Французы понимающе переглянулись.
— Хитрая бестия, — едва слышно пробормотал под нос граф.
— Мне не остается ничего другого, как подчиниться традициям, — продолжал маркиз. — Только я не понял, что полагается делать гостям; смотреть, как я ем в одиночестве?
— Нет, ваша светлость. Гостям предназначается другое блюдо. Повариха назвала его как-то мудрено, боюсь, что не смогу выговорить.
Лакей выставил перед гостями поднос с цыплятами. Начинка была особенной, а в густом соусе плавали маленькие гренки и тушеные грибы.

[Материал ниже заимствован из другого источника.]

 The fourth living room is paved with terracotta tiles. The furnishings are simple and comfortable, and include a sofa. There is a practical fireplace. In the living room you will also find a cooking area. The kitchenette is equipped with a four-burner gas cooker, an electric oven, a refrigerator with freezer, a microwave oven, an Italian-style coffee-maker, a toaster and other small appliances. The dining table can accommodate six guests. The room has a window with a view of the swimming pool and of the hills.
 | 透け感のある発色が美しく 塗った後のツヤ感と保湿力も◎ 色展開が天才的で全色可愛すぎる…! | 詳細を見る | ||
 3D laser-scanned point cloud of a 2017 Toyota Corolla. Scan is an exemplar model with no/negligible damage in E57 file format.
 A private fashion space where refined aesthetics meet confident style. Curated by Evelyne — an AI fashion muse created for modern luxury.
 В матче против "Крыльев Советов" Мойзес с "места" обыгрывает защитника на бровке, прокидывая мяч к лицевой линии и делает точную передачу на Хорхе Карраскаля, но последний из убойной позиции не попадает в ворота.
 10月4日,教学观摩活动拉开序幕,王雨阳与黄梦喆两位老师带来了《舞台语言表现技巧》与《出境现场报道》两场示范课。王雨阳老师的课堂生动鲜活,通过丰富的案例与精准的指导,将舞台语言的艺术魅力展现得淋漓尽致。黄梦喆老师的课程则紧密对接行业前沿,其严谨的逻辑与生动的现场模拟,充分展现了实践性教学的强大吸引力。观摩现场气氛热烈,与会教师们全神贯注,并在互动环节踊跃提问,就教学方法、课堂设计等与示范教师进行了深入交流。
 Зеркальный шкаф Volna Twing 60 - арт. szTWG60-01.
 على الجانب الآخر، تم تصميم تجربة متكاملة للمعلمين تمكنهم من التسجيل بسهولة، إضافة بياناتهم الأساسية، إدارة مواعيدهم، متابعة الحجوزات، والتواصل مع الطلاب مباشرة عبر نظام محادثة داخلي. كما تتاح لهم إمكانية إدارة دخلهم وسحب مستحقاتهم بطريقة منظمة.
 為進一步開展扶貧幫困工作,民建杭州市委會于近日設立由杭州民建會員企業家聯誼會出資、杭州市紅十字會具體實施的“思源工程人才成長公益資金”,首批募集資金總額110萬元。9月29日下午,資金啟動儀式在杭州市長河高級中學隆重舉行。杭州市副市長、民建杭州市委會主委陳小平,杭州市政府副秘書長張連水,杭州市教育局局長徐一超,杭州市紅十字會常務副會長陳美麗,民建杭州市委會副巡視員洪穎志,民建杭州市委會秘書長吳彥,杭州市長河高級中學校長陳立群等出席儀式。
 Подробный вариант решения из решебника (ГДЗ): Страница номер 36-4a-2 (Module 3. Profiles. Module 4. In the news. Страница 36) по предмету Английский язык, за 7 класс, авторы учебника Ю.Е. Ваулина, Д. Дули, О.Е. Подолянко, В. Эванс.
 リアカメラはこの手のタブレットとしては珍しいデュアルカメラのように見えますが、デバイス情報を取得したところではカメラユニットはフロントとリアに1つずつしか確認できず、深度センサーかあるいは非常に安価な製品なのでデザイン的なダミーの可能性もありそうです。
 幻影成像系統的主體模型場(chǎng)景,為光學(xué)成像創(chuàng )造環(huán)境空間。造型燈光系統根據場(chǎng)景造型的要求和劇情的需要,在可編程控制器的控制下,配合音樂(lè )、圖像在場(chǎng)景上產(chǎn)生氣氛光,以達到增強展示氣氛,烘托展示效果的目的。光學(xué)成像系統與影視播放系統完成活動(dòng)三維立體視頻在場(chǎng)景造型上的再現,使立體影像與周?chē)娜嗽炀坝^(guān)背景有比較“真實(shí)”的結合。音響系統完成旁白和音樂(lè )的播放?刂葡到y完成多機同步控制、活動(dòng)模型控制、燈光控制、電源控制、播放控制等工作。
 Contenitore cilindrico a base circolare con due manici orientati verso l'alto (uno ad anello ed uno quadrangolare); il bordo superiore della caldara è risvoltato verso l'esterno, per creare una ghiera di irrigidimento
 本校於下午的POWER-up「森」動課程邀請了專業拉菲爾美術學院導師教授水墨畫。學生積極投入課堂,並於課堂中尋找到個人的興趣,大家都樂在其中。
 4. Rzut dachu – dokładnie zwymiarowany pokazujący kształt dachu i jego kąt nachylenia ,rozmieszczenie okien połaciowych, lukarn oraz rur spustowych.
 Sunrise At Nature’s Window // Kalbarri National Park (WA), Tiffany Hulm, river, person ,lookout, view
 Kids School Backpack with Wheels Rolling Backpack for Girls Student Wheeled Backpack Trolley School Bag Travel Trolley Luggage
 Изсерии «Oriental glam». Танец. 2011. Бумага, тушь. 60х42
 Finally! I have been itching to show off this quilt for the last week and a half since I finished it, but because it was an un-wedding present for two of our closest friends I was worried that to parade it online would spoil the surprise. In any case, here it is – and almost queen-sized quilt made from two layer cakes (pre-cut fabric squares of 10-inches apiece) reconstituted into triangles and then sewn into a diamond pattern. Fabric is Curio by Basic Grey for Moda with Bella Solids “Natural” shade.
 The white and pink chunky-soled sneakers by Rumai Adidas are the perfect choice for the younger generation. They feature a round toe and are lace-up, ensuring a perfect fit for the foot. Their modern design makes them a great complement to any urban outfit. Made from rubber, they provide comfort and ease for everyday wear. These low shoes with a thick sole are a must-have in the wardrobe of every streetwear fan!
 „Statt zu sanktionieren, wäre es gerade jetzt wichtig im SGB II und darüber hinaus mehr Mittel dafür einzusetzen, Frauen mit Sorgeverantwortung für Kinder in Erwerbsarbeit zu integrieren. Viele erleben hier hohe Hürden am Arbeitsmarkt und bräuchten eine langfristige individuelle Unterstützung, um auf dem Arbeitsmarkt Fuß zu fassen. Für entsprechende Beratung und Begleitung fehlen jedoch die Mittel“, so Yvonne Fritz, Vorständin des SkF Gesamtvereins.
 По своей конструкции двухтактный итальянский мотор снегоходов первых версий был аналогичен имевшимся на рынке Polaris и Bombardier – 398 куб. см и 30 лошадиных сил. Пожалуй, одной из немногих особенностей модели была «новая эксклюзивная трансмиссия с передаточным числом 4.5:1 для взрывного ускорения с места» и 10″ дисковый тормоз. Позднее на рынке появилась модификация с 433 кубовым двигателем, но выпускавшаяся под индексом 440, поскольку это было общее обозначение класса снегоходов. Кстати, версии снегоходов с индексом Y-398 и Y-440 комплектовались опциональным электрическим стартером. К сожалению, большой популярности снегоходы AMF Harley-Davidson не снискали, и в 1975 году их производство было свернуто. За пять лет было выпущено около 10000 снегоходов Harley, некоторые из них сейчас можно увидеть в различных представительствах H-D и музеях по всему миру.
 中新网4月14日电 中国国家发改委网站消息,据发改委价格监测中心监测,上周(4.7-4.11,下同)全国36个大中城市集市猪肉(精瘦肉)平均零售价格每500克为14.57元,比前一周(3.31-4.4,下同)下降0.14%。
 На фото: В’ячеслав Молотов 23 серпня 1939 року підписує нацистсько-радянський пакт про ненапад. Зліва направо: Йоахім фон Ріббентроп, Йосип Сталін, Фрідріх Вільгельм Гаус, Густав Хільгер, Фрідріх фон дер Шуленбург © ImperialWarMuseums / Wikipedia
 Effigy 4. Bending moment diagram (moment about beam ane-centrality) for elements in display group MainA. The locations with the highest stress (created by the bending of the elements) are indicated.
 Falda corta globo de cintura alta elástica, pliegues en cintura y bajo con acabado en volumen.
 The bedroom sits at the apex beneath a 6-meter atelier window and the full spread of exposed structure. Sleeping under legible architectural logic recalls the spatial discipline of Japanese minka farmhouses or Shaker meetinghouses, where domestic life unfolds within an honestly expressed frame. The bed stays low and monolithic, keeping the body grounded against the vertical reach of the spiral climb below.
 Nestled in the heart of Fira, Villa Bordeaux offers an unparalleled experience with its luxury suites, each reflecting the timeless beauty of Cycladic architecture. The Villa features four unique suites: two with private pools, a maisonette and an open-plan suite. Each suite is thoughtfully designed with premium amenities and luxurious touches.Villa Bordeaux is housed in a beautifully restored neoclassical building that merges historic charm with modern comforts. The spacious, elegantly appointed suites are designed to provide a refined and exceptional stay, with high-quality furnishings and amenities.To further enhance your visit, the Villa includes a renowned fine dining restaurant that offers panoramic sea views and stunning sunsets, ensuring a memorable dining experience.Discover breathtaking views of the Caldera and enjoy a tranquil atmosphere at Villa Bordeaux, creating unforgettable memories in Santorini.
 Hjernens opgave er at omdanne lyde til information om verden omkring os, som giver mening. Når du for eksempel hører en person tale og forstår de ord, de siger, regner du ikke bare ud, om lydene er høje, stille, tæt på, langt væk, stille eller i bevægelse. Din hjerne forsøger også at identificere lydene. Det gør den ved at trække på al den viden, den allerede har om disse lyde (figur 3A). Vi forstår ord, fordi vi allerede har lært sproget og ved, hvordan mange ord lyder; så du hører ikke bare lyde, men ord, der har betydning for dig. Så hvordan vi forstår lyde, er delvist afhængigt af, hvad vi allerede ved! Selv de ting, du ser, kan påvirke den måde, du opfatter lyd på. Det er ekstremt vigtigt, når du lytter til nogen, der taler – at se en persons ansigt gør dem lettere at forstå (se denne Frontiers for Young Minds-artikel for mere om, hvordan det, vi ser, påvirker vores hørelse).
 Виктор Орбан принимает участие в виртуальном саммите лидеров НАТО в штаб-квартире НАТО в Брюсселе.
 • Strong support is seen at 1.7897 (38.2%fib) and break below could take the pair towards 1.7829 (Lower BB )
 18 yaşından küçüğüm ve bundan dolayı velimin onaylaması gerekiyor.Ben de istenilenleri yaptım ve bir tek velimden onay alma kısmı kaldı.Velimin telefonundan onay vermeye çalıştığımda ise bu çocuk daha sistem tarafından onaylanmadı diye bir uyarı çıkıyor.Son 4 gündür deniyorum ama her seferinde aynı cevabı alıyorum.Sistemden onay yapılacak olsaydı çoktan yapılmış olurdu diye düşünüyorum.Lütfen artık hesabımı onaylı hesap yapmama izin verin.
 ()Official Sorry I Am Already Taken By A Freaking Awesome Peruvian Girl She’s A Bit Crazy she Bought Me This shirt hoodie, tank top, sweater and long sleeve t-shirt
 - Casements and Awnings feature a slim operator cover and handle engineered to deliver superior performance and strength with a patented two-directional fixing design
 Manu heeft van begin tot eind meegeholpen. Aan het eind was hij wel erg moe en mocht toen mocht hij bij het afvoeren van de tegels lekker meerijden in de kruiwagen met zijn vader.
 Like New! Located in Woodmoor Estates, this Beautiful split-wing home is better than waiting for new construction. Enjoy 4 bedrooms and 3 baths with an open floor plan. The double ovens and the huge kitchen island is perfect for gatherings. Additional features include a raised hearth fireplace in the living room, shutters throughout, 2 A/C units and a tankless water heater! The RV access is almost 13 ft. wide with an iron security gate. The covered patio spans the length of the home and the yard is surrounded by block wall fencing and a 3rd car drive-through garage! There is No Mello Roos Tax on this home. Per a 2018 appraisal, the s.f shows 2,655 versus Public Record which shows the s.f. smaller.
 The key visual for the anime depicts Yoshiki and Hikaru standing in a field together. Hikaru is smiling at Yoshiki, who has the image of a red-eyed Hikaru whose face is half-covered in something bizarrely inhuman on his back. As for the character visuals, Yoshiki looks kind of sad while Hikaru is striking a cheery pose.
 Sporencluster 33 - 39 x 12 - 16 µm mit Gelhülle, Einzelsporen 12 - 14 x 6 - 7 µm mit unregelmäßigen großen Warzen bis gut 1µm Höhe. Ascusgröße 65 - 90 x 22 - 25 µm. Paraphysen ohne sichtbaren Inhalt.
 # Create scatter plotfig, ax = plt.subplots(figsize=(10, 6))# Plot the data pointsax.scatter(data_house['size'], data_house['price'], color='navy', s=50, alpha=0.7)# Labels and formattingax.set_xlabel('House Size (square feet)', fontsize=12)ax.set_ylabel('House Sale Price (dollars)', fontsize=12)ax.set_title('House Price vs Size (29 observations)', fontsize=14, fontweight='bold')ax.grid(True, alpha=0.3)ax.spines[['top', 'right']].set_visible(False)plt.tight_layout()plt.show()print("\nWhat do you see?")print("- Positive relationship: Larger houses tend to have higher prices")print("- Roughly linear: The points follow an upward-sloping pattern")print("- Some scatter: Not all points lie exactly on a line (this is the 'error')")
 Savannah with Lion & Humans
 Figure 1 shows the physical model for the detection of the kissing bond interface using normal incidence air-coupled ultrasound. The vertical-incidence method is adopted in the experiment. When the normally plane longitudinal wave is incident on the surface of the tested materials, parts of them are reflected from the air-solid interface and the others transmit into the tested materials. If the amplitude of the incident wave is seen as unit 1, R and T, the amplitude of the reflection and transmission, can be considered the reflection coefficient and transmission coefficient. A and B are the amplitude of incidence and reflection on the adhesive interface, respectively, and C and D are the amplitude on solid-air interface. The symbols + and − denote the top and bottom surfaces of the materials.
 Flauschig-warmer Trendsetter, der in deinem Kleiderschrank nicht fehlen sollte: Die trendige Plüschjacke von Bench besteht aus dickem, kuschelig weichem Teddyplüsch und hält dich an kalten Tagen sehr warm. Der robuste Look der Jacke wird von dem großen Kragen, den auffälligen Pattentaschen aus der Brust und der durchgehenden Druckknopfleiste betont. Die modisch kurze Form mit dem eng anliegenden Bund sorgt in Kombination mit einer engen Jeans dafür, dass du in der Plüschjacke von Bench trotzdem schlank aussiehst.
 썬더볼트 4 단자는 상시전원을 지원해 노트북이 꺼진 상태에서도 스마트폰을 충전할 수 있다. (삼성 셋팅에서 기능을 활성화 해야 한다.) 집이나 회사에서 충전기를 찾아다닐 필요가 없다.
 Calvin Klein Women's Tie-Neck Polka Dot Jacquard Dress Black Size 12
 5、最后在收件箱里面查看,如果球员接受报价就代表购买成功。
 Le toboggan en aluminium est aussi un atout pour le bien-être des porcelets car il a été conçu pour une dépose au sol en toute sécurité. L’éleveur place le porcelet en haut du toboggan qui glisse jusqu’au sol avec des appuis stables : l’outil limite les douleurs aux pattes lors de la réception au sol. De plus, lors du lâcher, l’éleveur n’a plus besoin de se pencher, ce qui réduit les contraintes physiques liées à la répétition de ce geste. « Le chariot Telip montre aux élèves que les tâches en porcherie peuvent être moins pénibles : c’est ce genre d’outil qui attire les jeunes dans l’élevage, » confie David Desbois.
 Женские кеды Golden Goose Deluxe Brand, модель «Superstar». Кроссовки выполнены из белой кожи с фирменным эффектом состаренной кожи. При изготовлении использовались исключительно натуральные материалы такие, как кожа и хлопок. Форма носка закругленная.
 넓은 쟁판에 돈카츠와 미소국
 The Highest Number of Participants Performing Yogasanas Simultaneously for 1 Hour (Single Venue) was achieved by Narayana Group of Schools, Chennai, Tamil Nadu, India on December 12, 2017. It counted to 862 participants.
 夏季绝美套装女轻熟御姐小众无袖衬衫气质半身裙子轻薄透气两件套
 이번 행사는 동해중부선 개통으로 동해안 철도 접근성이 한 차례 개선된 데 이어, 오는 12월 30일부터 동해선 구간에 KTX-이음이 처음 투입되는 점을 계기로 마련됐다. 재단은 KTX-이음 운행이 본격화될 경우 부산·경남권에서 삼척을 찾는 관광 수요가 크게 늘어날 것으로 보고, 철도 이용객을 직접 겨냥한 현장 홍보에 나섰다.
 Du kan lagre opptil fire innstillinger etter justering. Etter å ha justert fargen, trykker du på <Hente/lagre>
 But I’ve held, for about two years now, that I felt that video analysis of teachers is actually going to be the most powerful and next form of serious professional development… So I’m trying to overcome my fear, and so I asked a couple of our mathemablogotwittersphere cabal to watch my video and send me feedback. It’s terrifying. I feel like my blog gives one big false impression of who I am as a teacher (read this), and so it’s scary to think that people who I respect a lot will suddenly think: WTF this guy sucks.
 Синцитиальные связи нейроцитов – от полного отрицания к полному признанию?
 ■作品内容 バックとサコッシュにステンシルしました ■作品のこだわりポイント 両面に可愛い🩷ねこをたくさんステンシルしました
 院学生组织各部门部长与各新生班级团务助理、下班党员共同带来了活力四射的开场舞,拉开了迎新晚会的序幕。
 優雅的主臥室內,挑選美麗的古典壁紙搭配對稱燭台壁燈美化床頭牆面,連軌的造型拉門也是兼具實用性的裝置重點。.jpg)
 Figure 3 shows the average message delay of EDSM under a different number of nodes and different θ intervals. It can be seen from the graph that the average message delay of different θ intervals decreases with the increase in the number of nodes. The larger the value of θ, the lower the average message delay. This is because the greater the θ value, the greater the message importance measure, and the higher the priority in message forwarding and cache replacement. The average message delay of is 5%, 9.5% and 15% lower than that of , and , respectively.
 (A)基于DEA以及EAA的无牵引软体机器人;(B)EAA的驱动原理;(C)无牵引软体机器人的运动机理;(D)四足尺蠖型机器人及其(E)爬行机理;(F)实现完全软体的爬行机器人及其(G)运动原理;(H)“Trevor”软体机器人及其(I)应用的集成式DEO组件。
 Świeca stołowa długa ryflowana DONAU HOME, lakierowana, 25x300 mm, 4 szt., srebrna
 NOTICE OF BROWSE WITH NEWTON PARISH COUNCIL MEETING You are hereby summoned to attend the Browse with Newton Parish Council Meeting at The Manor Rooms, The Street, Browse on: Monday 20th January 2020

На отдельных тарелочках подавался гарнир: зеленый горошек, мелкая морковка и свеколка, а также картофелины того же размера, сваренные «в мундире». Гарнир выглядел очень живописно.
Маркиз отведал шербет, нежный и душистый.
«Хорошо, что о голубе говорилось лишь фигурально», — подумал он. Ему с детства претило употребление голубей в пищу.
Разговор совсем прекратился. Гости с увлечением ели.
Вдруг месье Граве уронил голову прямо в тарелку и забормотал что-то нечленораздельно.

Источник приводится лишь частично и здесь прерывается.